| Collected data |

───

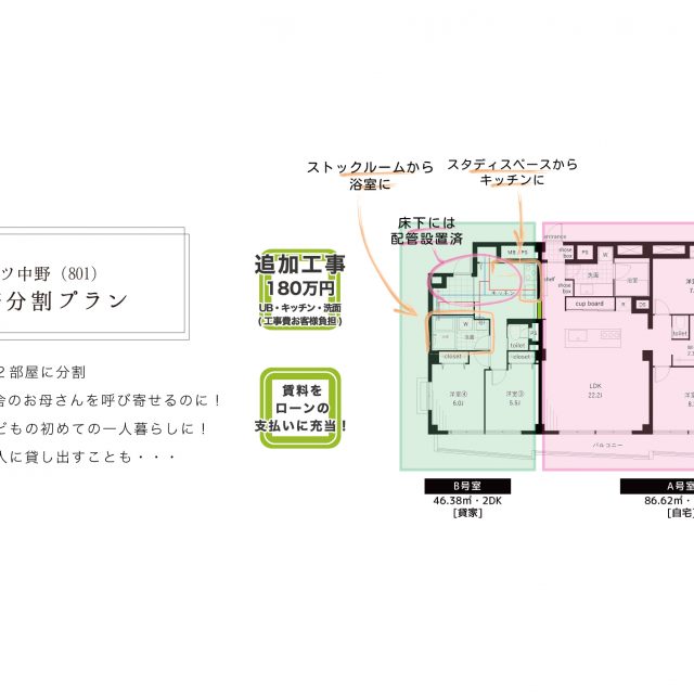 また、1部屋を賃貸することで、その収入を返済に回せば差額のみでお住まいいただくことも可能なライフステージに柔軟に対応できる変幻自在のお部屋です。
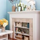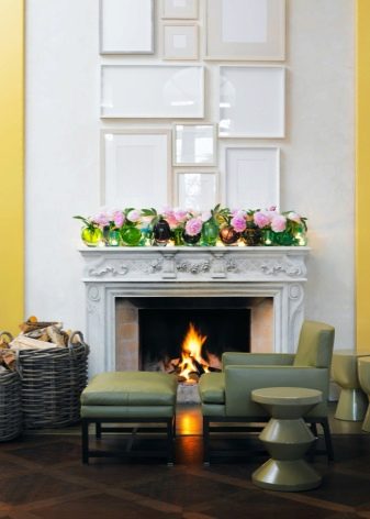 الربيع ليس وقت الحب فحسب ، بل هو أيضًا وقت للتحول والحياة الجديدة بشكل عام. لذلك ، في هذا الوقت ، تم تزيين الموقد وفقًا لموسم العام: الزهور الرقيقة والمساحات الخضراء. هنا يمكنك تجربة الزهور الطازجة: فهي مناسبة مثل الزنابق والبنفسج المحفوظ في أصص ، أو باقات من الورود والفاوانيا. أو يمكنك رسم أو قص التطبيقات على موضوع الربيع وتعليقها في إطارات فوق المدفأة.
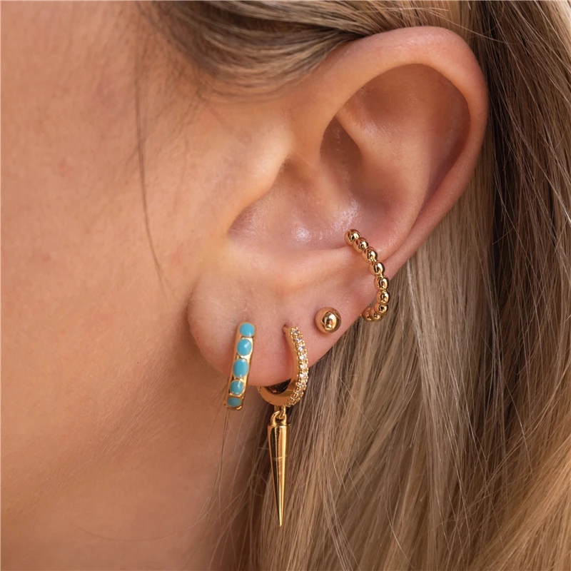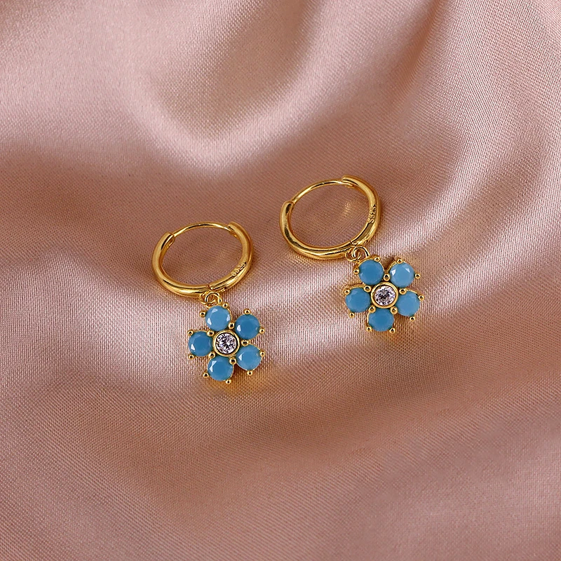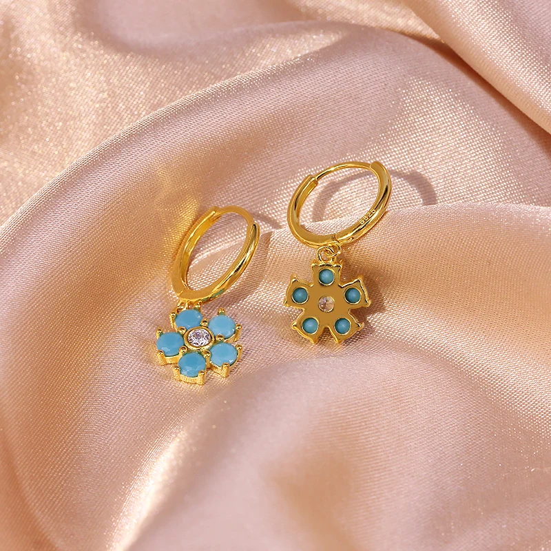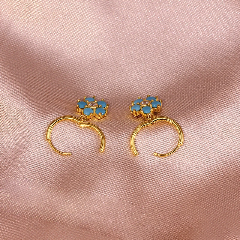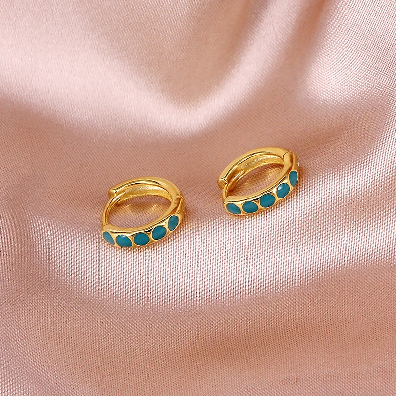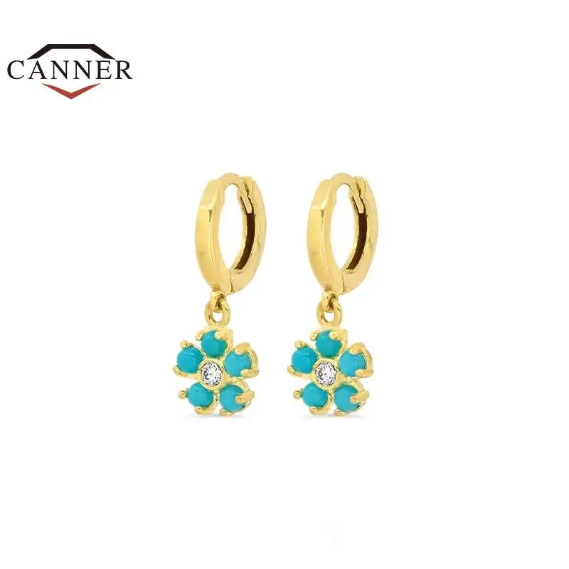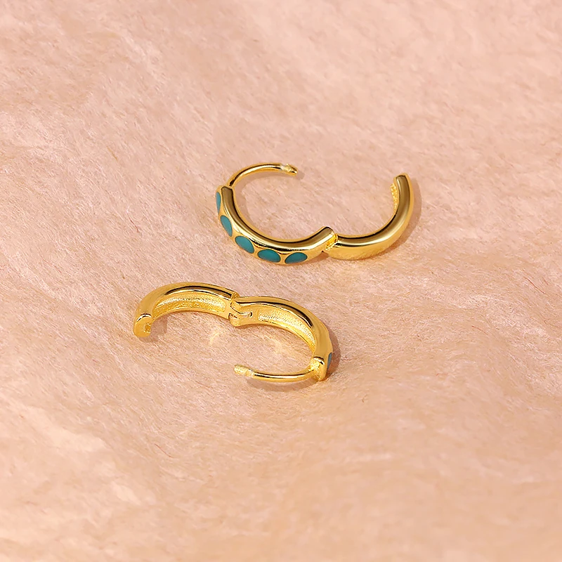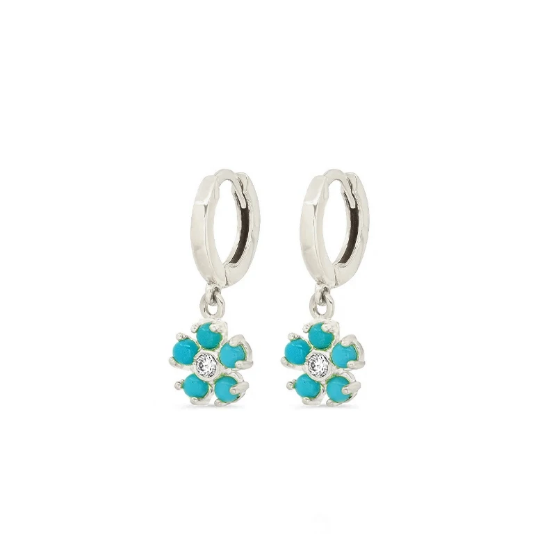 Женские серьги-подвески Huggie из серебра 925 пробы с бирюзовым кулоном
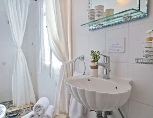 Recently remodeled and tastefully furnished in a traditional-romantic fashion, Villa Ireni boasts a unique charm, with many of the original features from its over half-a century-year-old building still intact. It has 3 bedrooms, one with a garden view and two single beds, one with sea view and two single beds and a double size bed with a sea view. Each room has its own air-conditioning unit. A fully equipped kitchen provides all cooking facilities. The living room is comfortable, with two cozy sofas, a flat-screen TV/DVD set and an individual air-conditioning unit. The villa’s 2 bathrooms, each equipped with a shower and toilet, offer some added convenience to your stay. The villa is composed of two outdoor terraces: The central terrace located downstairs is equipped with a barbecue grill and a spacious dining table for having the coziest evenings in good company. The rooftop terrace, equipped with sunbeds, beach umbrella and a big dining table, offers ample space for sunbathing and enjoying the breathtaking sea view.
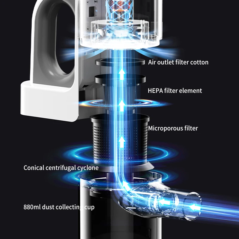 HEPA Filter + Microporous Filter + Conical Cyclone: Traps 99.97% of dust and allergens.
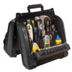 STANLEY® FATMAX® TORBA ZA ORGANIZACIJU ALATA. Dugotrajnost – kombinacija materijala pruža maksimalnu zaštitu od trošenja i habanja. Alat je organiziran u uspravnom položaju za jednostavan pristup alatu na radnom mjestu. Namjenski odjeljci za mehanički alat. Ojačano kućište – plastične stranice štite sadržaj. Ergonomska – odlikuje je udobna postavljena traka za rame i gumena ručka. Jednostavno se pretvori u radnu stanicu nakon otvaranja (A-struktura okvira). Alat nije uključen

───

| Activity |
The response has to be an exact copy of all the data, pictures excluded.

| Task solution |
 また、1部屋を賃貸することで、その収入を返済に回せば差額のみでお住まいいただくことも可能なライフステージに柔軟に対応できる変幻自在のお部屋です。
 الربيع ليس وقت الحب فحسب ، بل هو أيضًا وقت للتحول والحياة الجديدة بشكل عام. لذلك ، في هذا الوقت ، تم تزيين الموقد وفقًا لموسم العام: الزهور الرقيقة والمساحات الخضراء. هنا يمكنك تجربة الزهور الطازجة: فهي مناسبة مثل الزنابق والبنفسج المحفوظ في أصص ، أو باقات من الورود والفاوانيا. أو يمكنك رسم أو قص التطبيقات على موضوع الربيع وتعليقها في إطارات فوق المدفأة.
 Женские серьги-подвески Huggie из серебра 925 пробы с бирюзовым кулоном
 Recently remodeled and tastefully furnished in a traditional-romantic fashion, Villa Ireni boasts a unique charm, with many of the original features from its over half-a century-year-old building still intact. It has 3 bedrooms, one with a garden view and two single beds, one with sea view and two single beds and a double size bed with a sea view. Each room has its own air-conditioning unit. A fully equipped kitchen provides all cooking facilities. The living room is comfortable, with two cozy sofas, a flat-screen TV/DVD set and an individual air-conditioning unit. The villa’s 2 bathrooms, each equipped with a shower and toilet, offer some added convenience to your stay. The villa is composed of two outdoor terraces: The central terrace located downstairs is equipped with a barbecue grill and a spacious dining table for having the coziest evenings in good company. The rooftop terrace, equipped with sunbeds, beach umbrella and a big dining table, offers ample space for sunbathing and enjoying the breathtaking sea view.
 HEPA Filter + Microporous Filter + Conical Cyclone: Traps 99.97% of dust and allergens.
 STANLEY® FATMAX® TORBA ZA ORGANIZACIJU ALATA. Dugotrajnost – kombinacija materijala pruža maksimalnu zaštitu od trošenja i habanja. Alat je organiziran u uspravnom položaju za jednostavan pristup alatu na radnom mjestu. Namjenski odjeljci za mehanički alat. Ojačano kućište – plastične stranice štite sadržaj. Ergonomska – odlikuje je udobna postavljena traka za rame i gumena ručka. Jednostavno se pretvori u radnu stanicu nakon otvaranja (A-struktura okvira). Alat nije uključen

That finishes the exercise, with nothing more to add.